▸ Material for the task:
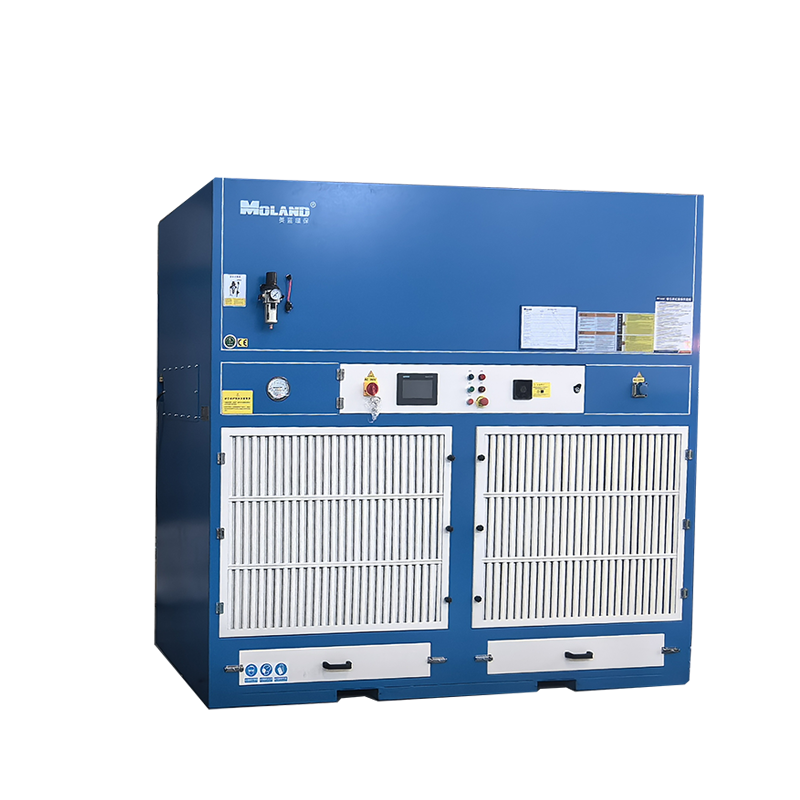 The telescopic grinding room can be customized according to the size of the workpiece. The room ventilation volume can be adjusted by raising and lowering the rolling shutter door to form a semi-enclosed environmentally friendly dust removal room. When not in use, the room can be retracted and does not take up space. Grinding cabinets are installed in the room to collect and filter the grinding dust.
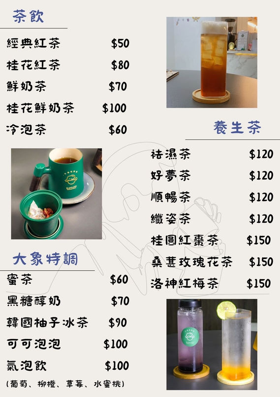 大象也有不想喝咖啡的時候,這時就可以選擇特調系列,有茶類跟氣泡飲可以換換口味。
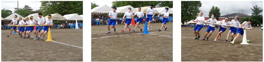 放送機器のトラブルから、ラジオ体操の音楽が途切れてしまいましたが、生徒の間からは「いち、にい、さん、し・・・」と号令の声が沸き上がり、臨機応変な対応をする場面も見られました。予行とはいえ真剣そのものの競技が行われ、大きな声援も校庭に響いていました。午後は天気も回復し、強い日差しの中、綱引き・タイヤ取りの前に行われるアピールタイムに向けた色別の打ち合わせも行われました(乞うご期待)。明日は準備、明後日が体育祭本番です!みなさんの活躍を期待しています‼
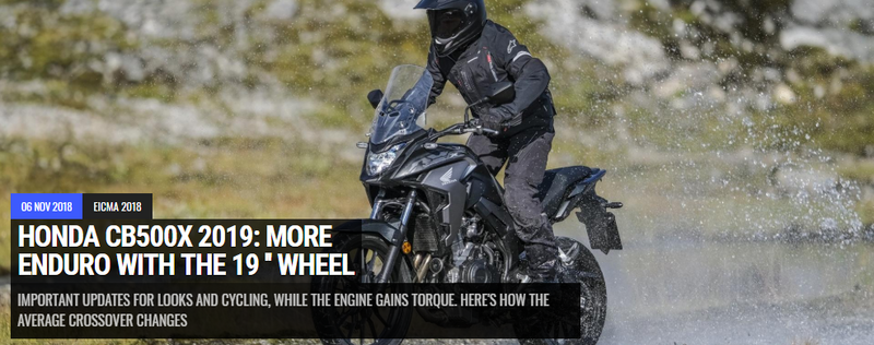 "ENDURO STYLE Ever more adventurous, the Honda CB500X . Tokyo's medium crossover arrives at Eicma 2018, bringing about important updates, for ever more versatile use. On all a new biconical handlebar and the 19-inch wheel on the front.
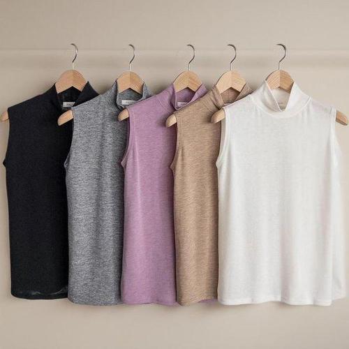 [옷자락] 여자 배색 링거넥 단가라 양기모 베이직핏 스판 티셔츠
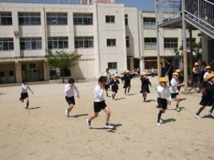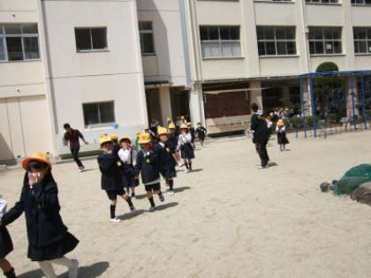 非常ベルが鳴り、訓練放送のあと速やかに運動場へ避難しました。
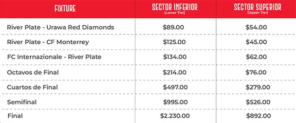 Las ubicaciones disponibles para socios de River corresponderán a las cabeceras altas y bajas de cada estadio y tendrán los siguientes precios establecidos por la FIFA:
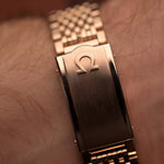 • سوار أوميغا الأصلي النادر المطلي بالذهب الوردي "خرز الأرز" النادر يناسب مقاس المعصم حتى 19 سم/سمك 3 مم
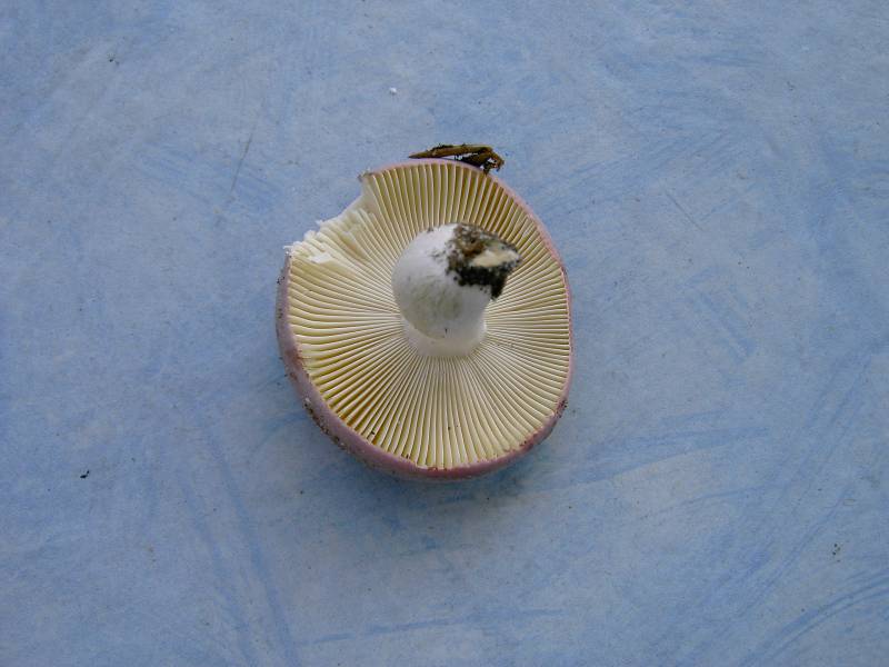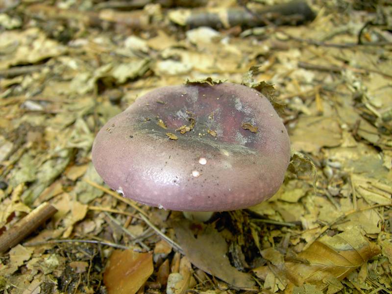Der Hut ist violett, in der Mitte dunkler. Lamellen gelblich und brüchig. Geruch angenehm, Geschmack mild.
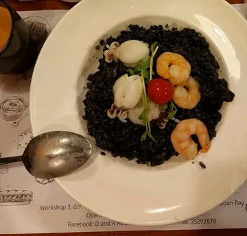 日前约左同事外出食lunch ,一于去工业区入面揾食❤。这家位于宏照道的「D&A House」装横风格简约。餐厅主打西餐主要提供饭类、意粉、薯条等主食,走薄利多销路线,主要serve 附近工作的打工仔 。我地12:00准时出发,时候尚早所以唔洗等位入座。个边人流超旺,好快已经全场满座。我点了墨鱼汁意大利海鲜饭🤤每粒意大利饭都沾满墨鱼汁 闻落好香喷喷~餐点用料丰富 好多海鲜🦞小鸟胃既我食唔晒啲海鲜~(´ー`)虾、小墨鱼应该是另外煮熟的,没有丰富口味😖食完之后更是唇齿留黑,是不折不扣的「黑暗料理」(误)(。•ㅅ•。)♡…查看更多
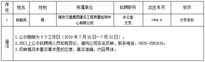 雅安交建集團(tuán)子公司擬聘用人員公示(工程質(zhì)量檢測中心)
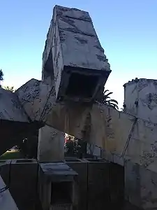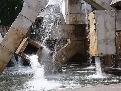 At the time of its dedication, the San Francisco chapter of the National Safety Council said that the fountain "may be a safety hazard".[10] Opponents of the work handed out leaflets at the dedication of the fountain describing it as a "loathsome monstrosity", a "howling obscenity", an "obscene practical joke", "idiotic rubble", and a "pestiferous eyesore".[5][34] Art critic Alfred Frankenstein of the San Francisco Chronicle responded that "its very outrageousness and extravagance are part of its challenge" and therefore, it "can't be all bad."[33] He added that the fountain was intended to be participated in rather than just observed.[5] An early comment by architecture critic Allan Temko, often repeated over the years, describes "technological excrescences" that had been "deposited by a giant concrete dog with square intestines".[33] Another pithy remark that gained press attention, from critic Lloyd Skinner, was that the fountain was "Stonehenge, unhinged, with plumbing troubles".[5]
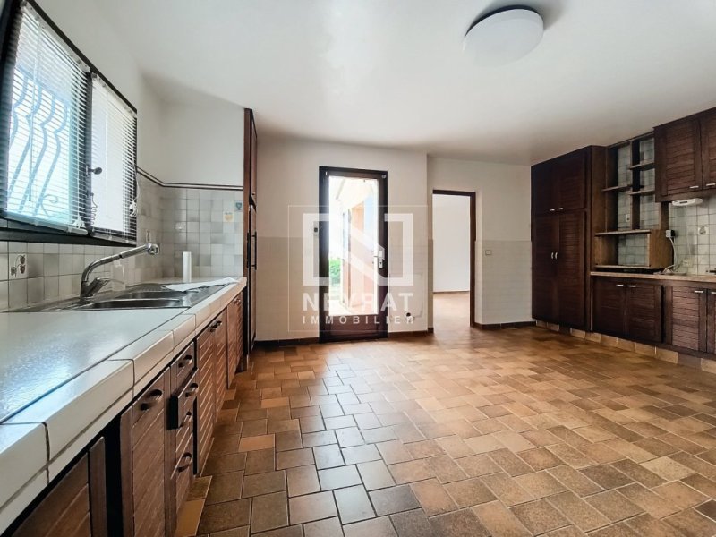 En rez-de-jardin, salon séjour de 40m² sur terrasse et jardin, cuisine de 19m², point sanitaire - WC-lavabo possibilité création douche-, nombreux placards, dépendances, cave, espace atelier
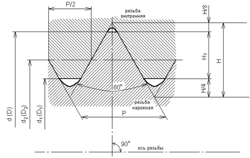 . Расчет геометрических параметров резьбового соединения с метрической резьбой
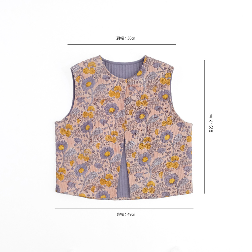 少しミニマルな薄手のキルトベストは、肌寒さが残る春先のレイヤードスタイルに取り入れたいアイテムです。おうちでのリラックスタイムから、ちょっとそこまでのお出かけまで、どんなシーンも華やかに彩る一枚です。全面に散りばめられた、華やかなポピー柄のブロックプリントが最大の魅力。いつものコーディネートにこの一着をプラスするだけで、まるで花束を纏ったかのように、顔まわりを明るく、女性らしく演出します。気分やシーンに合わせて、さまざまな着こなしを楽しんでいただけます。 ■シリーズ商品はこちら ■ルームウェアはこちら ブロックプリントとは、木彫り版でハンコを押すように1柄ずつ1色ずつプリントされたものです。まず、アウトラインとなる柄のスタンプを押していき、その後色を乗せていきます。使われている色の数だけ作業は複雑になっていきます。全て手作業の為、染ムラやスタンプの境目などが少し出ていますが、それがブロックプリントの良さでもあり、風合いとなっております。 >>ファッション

▸ Description of the task: Would you copy the lines above exactly, starting with the one that has "雅安交建集團(tuán)子公司擬聘用人員公示(工程質(zhì)量檢測中心)" and ending with the one that has "с метрической резьбой", both included, without the pictures?

▸ Response:
 雅安交建集團(tuán)子公司擬聘用人員公示(工程質(zhì)量檢測中心)
 At the time of its dedication, the San Francisco chapter of the National Safety Council said that the fountain "may be a safety hazard".[10] Opponents of the work handed out leaflets at the dedication of the fountain describing it as a "loathsome monstrosity", a "howling obscenity", an "obscene practical joke", "idiotic rubble", and a "pestiferous eyesore".[5][34] Art critic Alfred Frankenstein of the San Francisco Chronicle responded that "its very outrageousness and extravagance are part of its challenge" and therefore, it "can't be all bad."[33] He added that the fountain was intended to be participated in rather than just observed.[5] An early comment by architecture critic Allan Temko, often repeated over the years, describes "technological excrescences" that had been "deposited by a giant concrete dog with square intestines".[33] Another pithy remark that gained press attention, from critic Lloyd Skinner, was that the fountain was "Stonehenge, unhinged, with plumbing troubles".[5]
 En rez-de-jardin, salon séjour de 40m² sur terrasse et jardin, cuisine de 19m², point sanitaire - WC-lavabo possibilité création douche-, nombreux placards, dépendances, cave, espace atelier
 . Расчет геометрических параметров резьбового соединения с метрической резьбой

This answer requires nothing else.